#### [What is required]
The lines from the one holding "在杨明斋事迹陈列馆前,面对鲜" through the end of the records below are to be written out exactly, and nothing else; pictures are to be left out.

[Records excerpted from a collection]
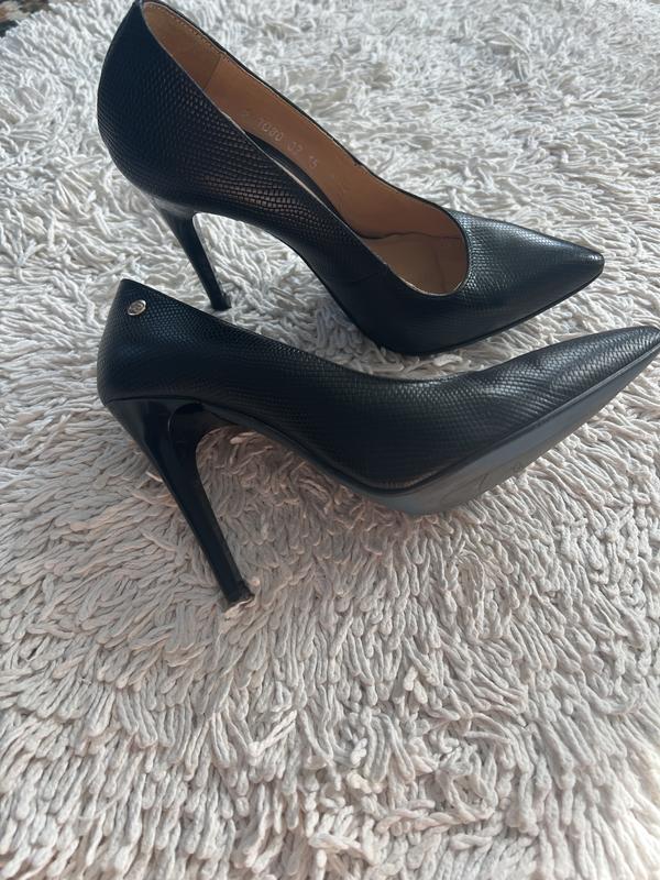 Классические туфли на шпильке, очень отличного качества из натуральной кожи. Длина стельки 23,5, ширина стопы 8 см. Каблук 10 см. Производитель Польша. Подошва темно- синего цвета.
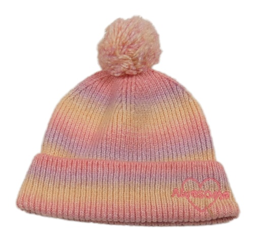 Růžovo-lila-oranžová ombré čepice s bambulí a nápisem
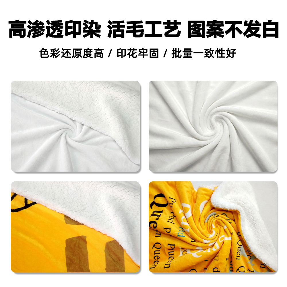 ① 工厂直供来图定制,提供图案即可生产专属羊羔绒双层毛毯,支持批量供货。
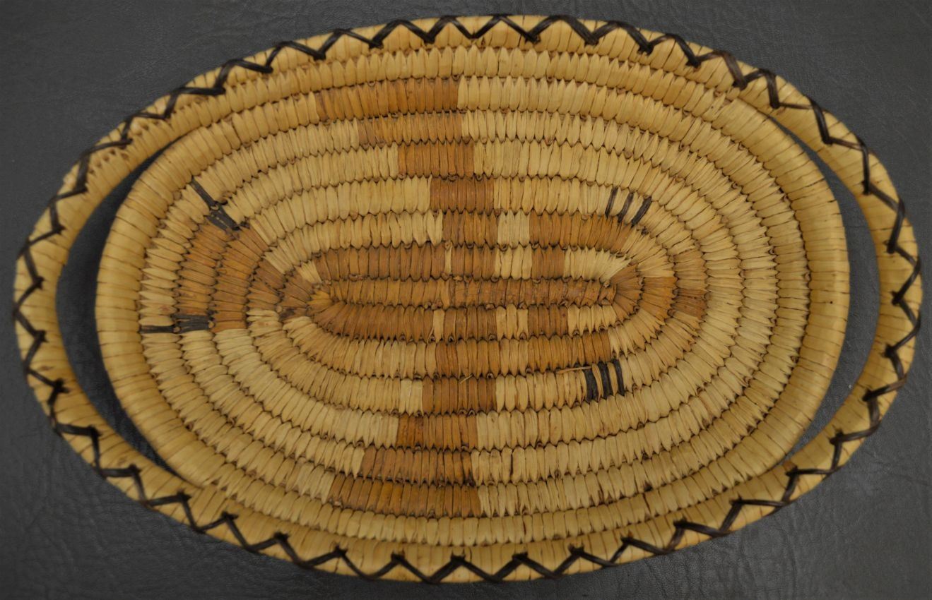 1960's Papago Indian, hand woven design of yucca and devils claw depicting bird, 2'' x 12'' x 7''
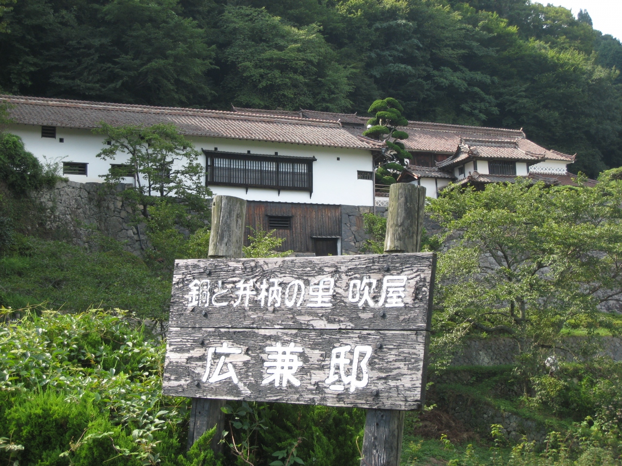 江戸時代後期に小泉銅山とローハ(緑礬・硫酸鉄=ベンガラの原料)製造を営み巨大な財を成した大野呂の庄屋広兼家2代目の元治が建てた巨大な邸宅で1977年の松竹映画『八つ墓村』などの映画のロケ地としても知られていて今も多くの観光客が訪れています。
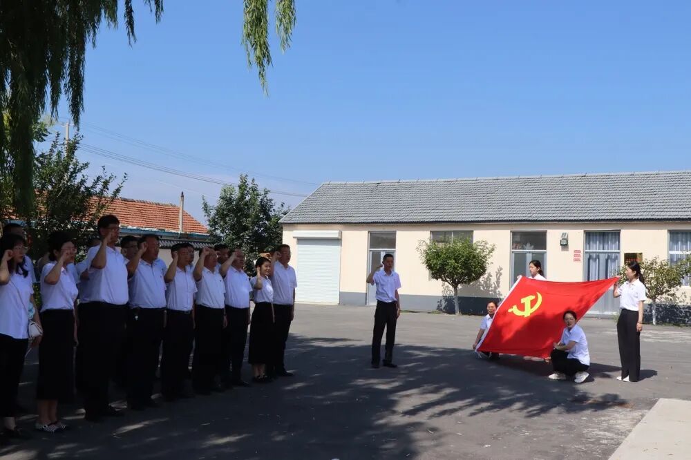 在杨明斋事迹陈列馆前,面对鲜红的党旗,全体党员干部举起右拳,庄严宣誓:“我志愿加入中国共产党……永不叛党!”一句句铿锵有力的誓言,彰显着掷地有声的承诺,诠释着履职尽责的担当,铭刻着笃定终身的执着追求。
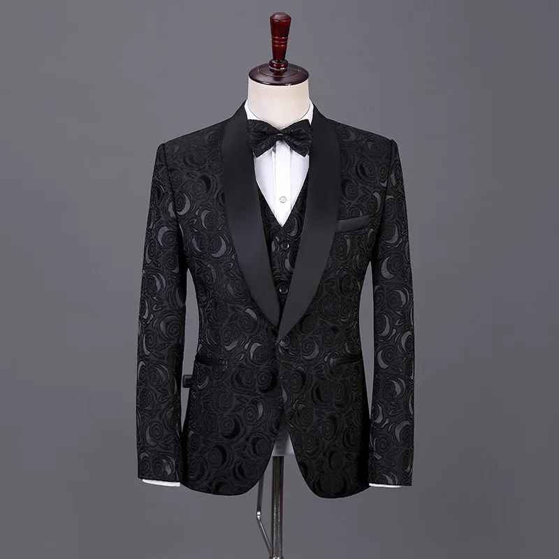 Drop Shipping MOQ Custom Handsome High Quality Men Suits 3 Pieces Slim Fit Grooms Men Wedding Suit Jackets

#### [Result for this exercise]
 在杨明斋事迹陈列馆前,面对鲜红的党旗,全体党员干部举起右拳,庄严宣誓:“我志愿加入中国共产党……永不叛党!”一句句铿锵有力的誓言,彰显着掷地有声的承诺,诠释着履职尽责的担当,铭刻着笃定终身的执着追求。
 Drop Shipping MOQ Custom Handsome High Quality Men Suits 3 Pieces Slim Fit Grooms Men Wedding Suit Jackets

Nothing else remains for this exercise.